Рискнув однажды дойти до конца парка, я обнаружила, что аллея и газоны резко обрываются, а на смену им приходят высокие, покрытые лишайником деревья и густые колючие заросли, не пропускающие солнечный свет. Казалось, работы по благоустройству так и не были закончены, потому что случилось что-то тревожное и загадочное, заставившее людей отступить. Эта мысль вызвала во мне неописуемый страх. Да, именно здесь был вход, здесь был хвост кометы. Вокруг не было ни души. Внезапно мне послышалось движение в ветвях, я сощурилась, пытаясь проникнуть взглядом в полумрак, но ничего не разглядела, однако шум раздался снова — то ли шепот, то ли легкий шорох шагов; неожиданно меня охватил такой ужас, что я смогла только попятиться, не сводя глаз с зарослей и ощущая дрожь в ногах. Страх был настолько сильным, что не позволял мне повернуться и бежать. Только почувствовав асфальтовую аллею под ногами и услышав крик ребенка за изгибом холма, я смогла броситься прочь.
Прошло несколько недель, прежде чем я снова осмелилась вернуться туда, но, когда пришла, ничего не изменилось. Заросли стали еще гуще, чем прежде, а мох дополз уже до кромки травы. Я долго рассматривала синеватый таинственный сумрак, царивший в тени деревьев, на этот раз лес оставался безмолвным, но я все равно не решилась зайти глубже.
И сегодня парк заканчивается этой таинственной чащей, наполненной колючими зарослями, этими джунглями, заходить в которые никто не рискует.

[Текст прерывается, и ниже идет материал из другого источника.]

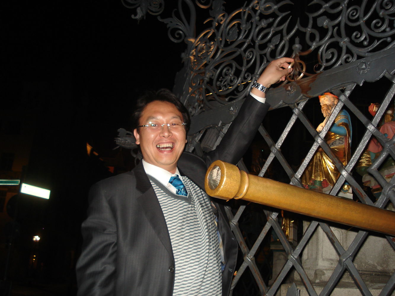 Peter Na dreht am goldenen Ring des "Schönen Brunnens". Wenn man sich etwas wünscht, geht es in Erfüllung. So lautet eine alte Nürnberger Sage.
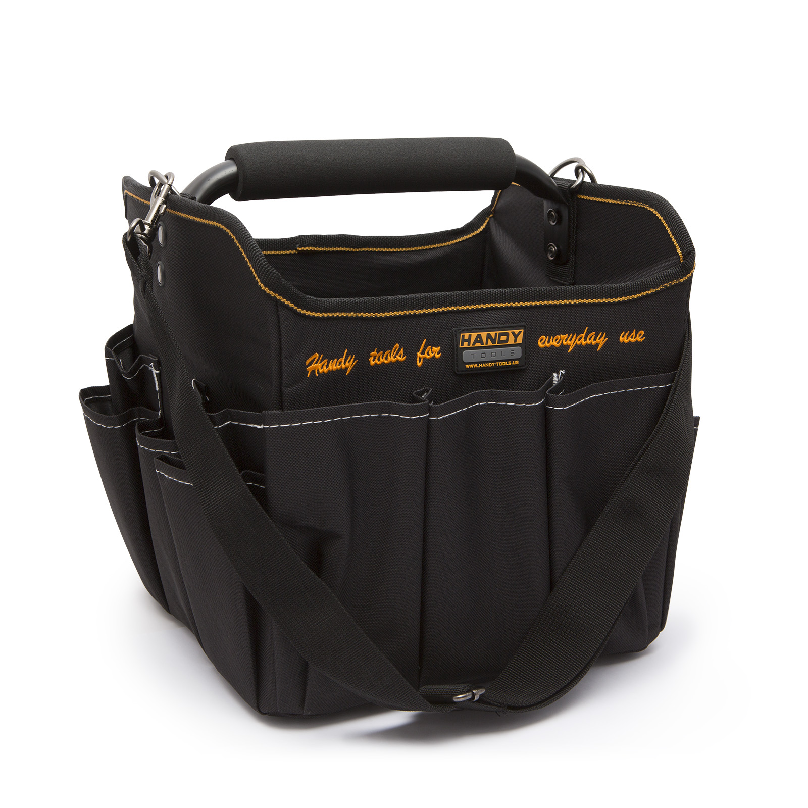 Echipata cu maner ergonomic din metal, cu acoperire buretoasa, pt. comoditate in utilizare. Cureaua de umar este un important accesoriu, care va da posibilitatea de a purta comod sculele (manerul si cureaua pot fi detasate separat, in functie de necesitati).
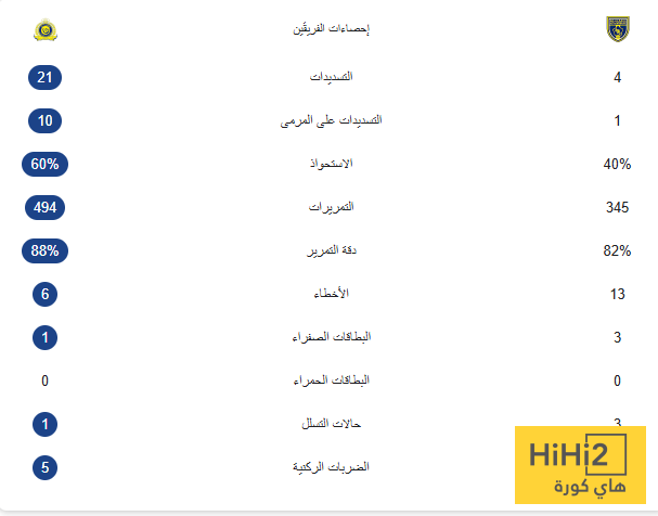 من يتفوق في إحصائيات مباراة النصر والتعاون؟

Там, где обрывалась аллея, был искусственный водоем с мутной водой, заросший камышом, его берег был выложен камнем. В центре возвышалась странная невысокая фигурка, позеленевшая от мха, непонятно, мужчина это или женщина или, быть может, животное, застывшее в странной человеческой позе. Интересно, осталась ли здесь та же вода, что и в прежнем пруду, сохранилось ли хоть несколько ведер той воды, прежде чем осушили его? А может быть, пруд был просто засыпан землей, и глубоко под землей мне представлялся колодезный столб, наполненный водой. Рыба, поблескивающая в узкой полоске света у самой поверхности воды, была все той же, что скользила когда-то по нашим ногам. Правда ли, что некоторые рыбы — окуни и карпы — живут так же долго, как самые старые старцы?

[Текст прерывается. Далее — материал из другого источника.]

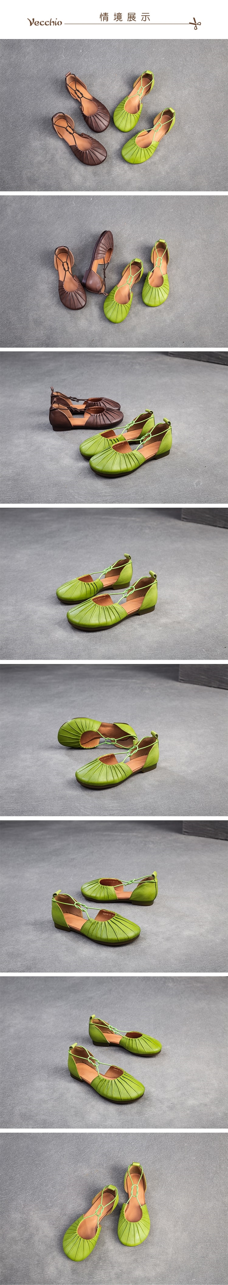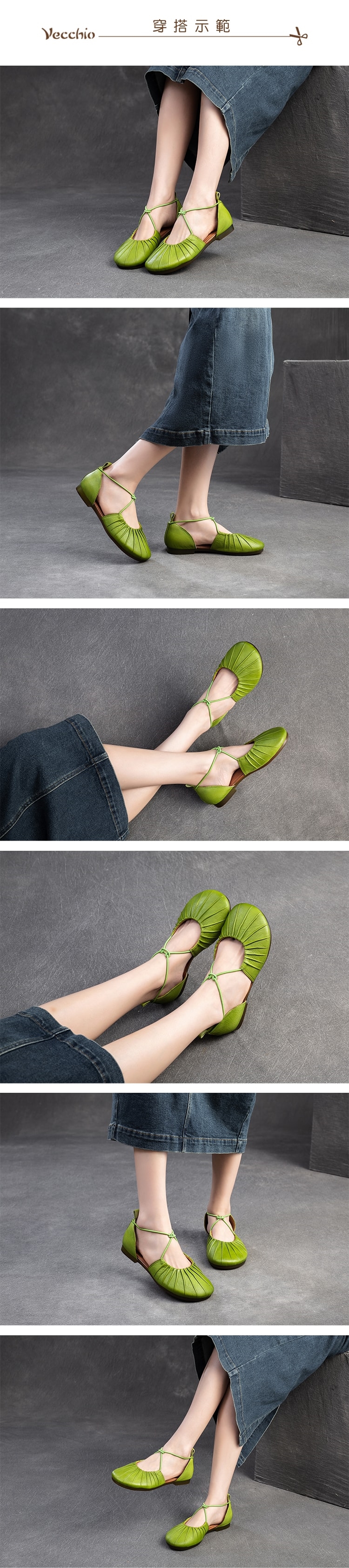 【VECCHIO】全真皮抓褶交叉低跟包頭涼鞋/全真皮頭層牛皮復古抓褶交叉帶小圓頭低跟包頭涼鞋 女鞋 綠
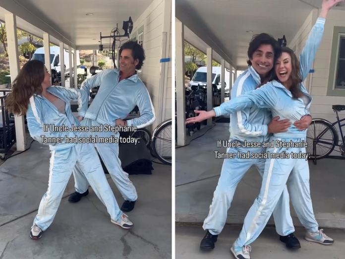 Written across the post in big white letter is “If Uncle Jesse and Stephanie Tanner had social media today:” … and Stamos captioned it, “I’d follow them.”

А их память, хранящаяся, быть может, в золотистых глазах, просвечивающих плавниках или блестящей чешуе, удерживает ли она отпечатки картинок прошлого?
Значит, ты, быть может, живешь теперь здесь. Где же ты спишь ночью? Сделал себе постель из травы, как лиса, или спишь на ветке, как птица? Лежишь под кустом на краю аллеи, как отброшенный ногой камень, драгоценный блеск которого скрыт слоем пыли? Или построил дворец, красивее дворцов принцев? Напрасно я старалась убедить себя в том, что ты уже стал мужчиной, что эти сказки, это ребячество принадлежат теперь прошлому, что все истории умерли, преданы забвению и погребены под обломками старого города; мне не удалось избавиться от их тихого шепота, звучавшего в глубине моей души, словно я сама была темным и бездонным колодцем воспоминаний. Я повторяла себе, что ты был сделан из плоти и крови и должен был дрожать по ночам, лежа на холодной земле и сжимая голые лодыжки. Однако я поневоле представляла себе странное создание, растительное или минеральное существо, которое вернется ко мне однажды, ползком или на крыльях. Нужно ли мне будет тогда бросать тебе зернышки риса и вымаливать прощение, пока ты будешь смотреть на меня круглым глазом, прежде чем вспорхнешь и улетишь?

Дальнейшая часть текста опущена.